### TASK PROMPT:
Filter the entries down to the lines containing "Green", and copy those lines.

### SOURCE MATERIAL:
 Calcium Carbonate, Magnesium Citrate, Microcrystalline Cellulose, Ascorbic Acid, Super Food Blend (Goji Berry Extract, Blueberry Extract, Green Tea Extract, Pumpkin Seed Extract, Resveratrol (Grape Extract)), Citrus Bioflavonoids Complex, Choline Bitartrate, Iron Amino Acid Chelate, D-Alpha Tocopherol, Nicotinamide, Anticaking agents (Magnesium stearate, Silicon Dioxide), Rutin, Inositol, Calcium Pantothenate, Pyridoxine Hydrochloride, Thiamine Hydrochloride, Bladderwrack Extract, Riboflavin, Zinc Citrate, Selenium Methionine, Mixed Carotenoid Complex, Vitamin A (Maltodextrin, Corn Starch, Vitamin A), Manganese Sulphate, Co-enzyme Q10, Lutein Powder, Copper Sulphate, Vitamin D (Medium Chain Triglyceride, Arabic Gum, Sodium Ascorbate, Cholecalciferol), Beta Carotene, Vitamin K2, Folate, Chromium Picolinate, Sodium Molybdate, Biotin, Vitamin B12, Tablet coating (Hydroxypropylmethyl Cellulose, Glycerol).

--

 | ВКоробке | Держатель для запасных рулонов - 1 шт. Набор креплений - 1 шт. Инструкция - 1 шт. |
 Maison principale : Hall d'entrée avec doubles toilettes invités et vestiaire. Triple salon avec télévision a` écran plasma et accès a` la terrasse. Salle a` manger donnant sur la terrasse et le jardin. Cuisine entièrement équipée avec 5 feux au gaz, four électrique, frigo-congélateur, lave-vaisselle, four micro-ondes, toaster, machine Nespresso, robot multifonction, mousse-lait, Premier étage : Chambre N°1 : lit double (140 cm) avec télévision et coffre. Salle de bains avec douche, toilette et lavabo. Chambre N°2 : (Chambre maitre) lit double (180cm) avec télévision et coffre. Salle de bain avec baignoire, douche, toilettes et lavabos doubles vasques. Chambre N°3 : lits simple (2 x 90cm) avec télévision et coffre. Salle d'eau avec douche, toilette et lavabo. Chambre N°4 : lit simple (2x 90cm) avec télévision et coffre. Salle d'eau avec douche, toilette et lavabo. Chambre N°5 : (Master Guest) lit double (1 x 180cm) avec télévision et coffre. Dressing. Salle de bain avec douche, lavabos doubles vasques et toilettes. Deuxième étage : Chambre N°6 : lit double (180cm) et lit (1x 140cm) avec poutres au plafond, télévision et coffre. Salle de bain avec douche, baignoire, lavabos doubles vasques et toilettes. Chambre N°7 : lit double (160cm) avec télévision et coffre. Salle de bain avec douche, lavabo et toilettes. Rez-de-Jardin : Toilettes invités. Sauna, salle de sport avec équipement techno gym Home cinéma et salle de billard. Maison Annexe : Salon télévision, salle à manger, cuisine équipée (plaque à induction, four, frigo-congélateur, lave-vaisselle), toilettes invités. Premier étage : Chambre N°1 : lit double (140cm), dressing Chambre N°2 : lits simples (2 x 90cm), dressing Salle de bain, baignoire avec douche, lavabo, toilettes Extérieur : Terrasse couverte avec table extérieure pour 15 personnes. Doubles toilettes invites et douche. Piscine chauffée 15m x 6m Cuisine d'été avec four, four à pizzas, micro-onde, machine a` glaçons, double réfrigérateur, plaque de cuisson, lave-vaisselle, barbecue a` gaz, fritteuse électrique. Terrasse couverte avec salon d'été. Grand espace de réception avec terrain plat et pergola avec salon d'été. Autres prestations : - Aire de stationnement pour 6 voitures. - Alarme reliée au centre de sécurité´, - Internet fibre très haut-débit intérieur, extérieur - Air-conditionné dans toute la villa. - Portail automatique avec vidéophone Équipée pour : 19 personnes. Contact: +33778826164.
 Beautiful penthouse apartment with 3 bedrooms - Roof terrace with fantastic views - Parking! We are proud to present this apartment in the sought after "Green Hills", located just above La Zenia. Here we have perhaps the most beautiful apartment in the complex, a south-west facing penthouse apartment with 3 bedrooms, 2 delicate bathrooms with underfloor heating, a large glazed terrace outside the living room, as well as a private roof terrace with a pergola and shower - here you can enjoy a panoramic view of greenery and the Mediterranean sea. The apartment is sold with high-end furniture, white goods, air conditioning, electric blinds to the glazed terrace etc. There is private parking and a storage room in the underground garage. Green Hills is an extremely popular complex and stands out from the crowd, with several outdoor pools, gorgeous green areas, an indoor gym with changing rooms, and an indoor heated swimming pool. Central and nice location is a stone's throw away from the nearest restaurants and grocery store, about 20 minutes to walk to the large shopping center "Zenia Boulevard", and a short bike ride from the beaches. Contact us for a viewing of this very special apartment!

### WRITTEN SOLUTION:
 Calcium Carbonate, Magnesium Citrate, Microcrystalline Cellulose, Ascorbic Acid, Super Food Blend (Goji Berry Extract, Blueberry Extract, Green Tea Extract, Pumpkin Seed Extract, Resveratrol (Grape Extract)), Citrus Bioflavonoids Complex, Choline Bitartrate, Iron Amino Acid Chelate, D-Alpha Tocopherol, Nicotinamide, Anticaking agents (Magnesium stearate, Silicon Dioxide), Rutin, Inositol, Calcium Pantothenate, Pyridoxine Hydrochloride, Thiamine Hydrochloride, Bladderwrack Extract, Riboflavin, Zinc Citrate, Selenium Methionine, Mixed Carotenoid Complex, Vitamin A (Maltodextrin, Corn Starch, Vitamin A), Manganese Sulphate, Co-enzyme Q10, Lutein Powder, Copper Sulphate, Vitamin D (Medium Chain Triglyceride, Arabic Gum, Sodium Ascorbate, Cholecalciferol), Beta Carotene, Vitamin K2, Folate, Chromium Picolinate, Sodium Molybdate, Biotin, Vitamin B12, Tablet coating (Hydroxypropylmethyl Cellulose, Glycerol).
 Beautiful penthouse apartment with 3 bedrooms - Roof terrace with fantastic views - Parking! We are proud to present this apartment in the sought after "Green Hills", located just above La Zenia. Here we have perhaps the most beautiful apartment in the complex, a south-west facing penthouse apartment with 3 bedrooms, 2 delicate bathrooms with underfloor heating, a large glazed terrace outside the living room, as well as a private roof terrace with a pergola and shower - here you can enjoy a panoramic view of greenery and the Mediterranean sea. The apartment is sold with high-end furniture, white goods, air conditioning, electric blinds to the glazed terrace etc. There is private parking and a storage room in the underground garage. Green Hills is an extremely popular complex and stands out from the crowd, with several outdoor pools, gorgeous green areas, an indoor gym with changing rooms, and an indoor heated swimming pool. Central and nice location is a stone's throw away from the nearest restaurants and grocery store, about 20 minutes to walk to the large shopping center "Zenia Boulevard", and a short bike ride from the beaches. Contact us for a viewing of this very special apartment!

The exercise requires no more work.